160  |   TC Energy Consolidated Financial Statements 2024

4.  DISCONTINUED OPERATIONS
Spinoff of Liquids Pipelines Business
Agreements
Pursuant to the October 1, 2024 Spinoff Transaction described in Note 1, Description of TC Energy's business, TC Energy and 
South Bow have executed a series of agreements to outline the parameters and guidelines that govern their ongoing 
relationship. A Transition Services Agreement has been established to specify certain services that TC Energy will provide to  
South Bow for a period of up to two years. These services primarily include access to, and support of, systems that South Bow will 
continue to use until it has fully implemented new systems to support its business processes and warehouse management 
services.
A Tax Matters Agreement was executed to govern TC Energy and South Bow's tax rights and obligations after the Spinoff 
Transaction. The agreement imposes certain restrictions on both TC Energy and South Bow in order to preserve the tax-free 
status of the spinoff. In the event the Spinoff Transaction is not tax-free, the agreement allocates tax liabilities by generally 
assigning responsibility to either TC Energy or South Bow to the extent that the failure to qualify is attributable to actions, events 
or transactions, or a breach of the representations or covenants made by that entity.
A Separation Agreement was established to specify the separation of assets and liabilities between TC Energy and South Bow. 
The agreement states, among other things, that TC Energy will indemnify South Bow for 86 per cent of total net liabilities and 
costs arising from the Milepost 14 incident that occurred on the Keystone Pipeline System in December 2022 and the existing 
variable toll disputes on the Keystone Pipeline System (excluding any future impacts with respect to the variable toll after 
October 1, 2024), subject to a maximum liability to South Bow of $30 million, in aggregate, for those two matters.

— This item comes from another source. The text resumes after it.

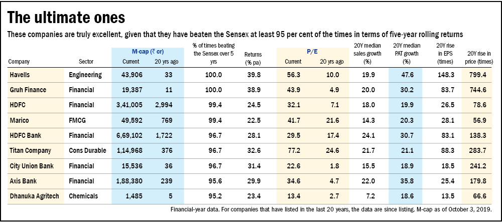 This ultimate set of companies managed to beat the five-year Sensex rolling returns more than 95 per cent of the times (see the table 'The ultimate ones'). More clearly, if you invested in any of these stocks in any given month over the last 20 years, even at their highest monthly trading prices, and thereafter sold them after five years at their lowest monthly prices, you would still be able to beat the Sensex at least 95 per cent of the times.

At December 31, 2023, the Company accrued a life-to-date environmental liability for the Milepost 14 incident of $794 million, 
before expected insurance recoveries and not including potential fines and penalties which were indeterminable. Prior to the 
Spinoff Transaction, for the nine months ended September 30, 2024, amounts paid for the environmental remediation liability 
were $92 million (twelve months ended December 31, 2023 – $676 million). For the year ended December 31, 2024, the 
Company received $99 million (2023 – $575 million) from its insurance policies related to the costs for environmental 
remediation. In addition, the Company also received insurance proceeds of $36 million that were collected from the Company’s 
wholly-owned captive insurance subsidiary. As part of the Separation Agreement, all future insurance recoveries will remain with 
TC Energy.
For the year ended December 31, 2024, the Company recorded a pre-tax expense of $37 million for its current estimate of 
potential incremental costs related to the Milepost 14 incident. This amount represents TC Energy’s 86 per cent share pursuant 
to the indemnity provisions in the Separation Agreement.

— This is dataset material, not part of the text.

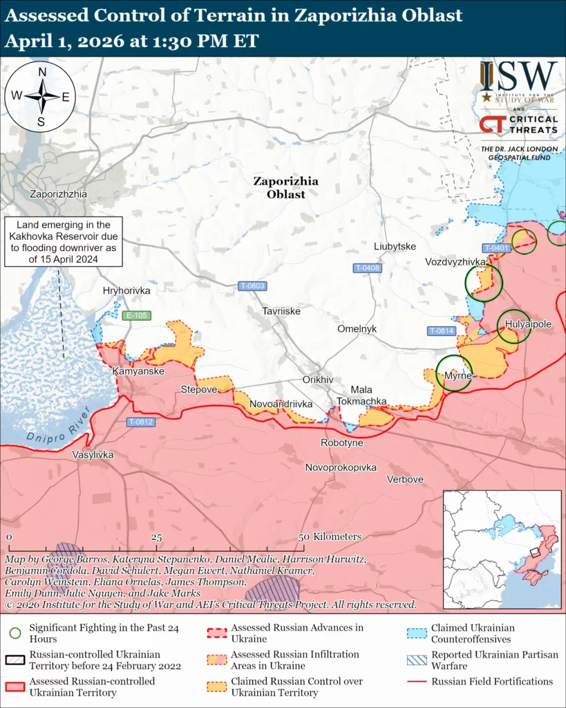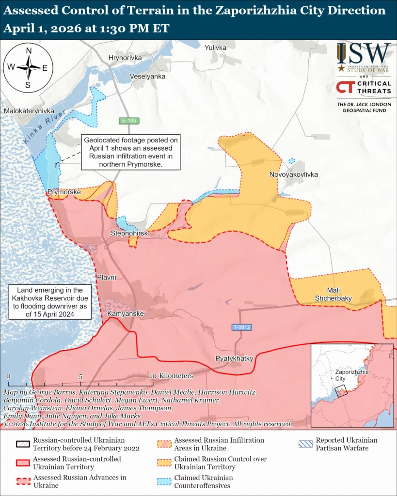 Assessed Russian infiltrations: Geolocated footage published on April 1 shows Ukrainian forces striking a Russian position in central Prymorske (northwest of Orikhiv) after what ISW assesses was a Russian infiltration mission that did not change control of terrain or the forward edge of the battle area (FEBA).[102] ISW assesses that the Russian infiltrators operating in central Prymorske likely infiltrated on a prior date.

Amounts accrued for these matters are recorded as current assets and liabilities from discontinued operations. Due to the 
inherent uncertainties of the final amounts to be settled under these indemnities, any amounts that may ultimately be payable 
in respect of these net liabilities to South Bow could differ materially from those reported at December 31, 2024.
Separation Costs
Liquids Pipelines business separation costs primarily include internal costs related to separation activities, legal, income tax, 
audit and other consulting fees, insurance provisions and net financial charges related to debt issued and held in escrow. For the 
years ended December 31, 2024 and 2023, Liquids Pipelines business separation costs of $197 million ($167 million after tax) and 
$40 million ($34 million after tax), respectively, were included in Net income (loss) from discontinued operations, net of tax in 
the Consolidated statement of income.
TC Energy Consolidated Financial Statements 2024   |  161

Pensions
As part of the Spinoff Transaction, certain TC Energy employees became employees of South Bow. Prior to the Spinoff 
Transaction, these employees in Canada and the U.S. participated in DB Plans, DC Plans and savings plans, as applicable. 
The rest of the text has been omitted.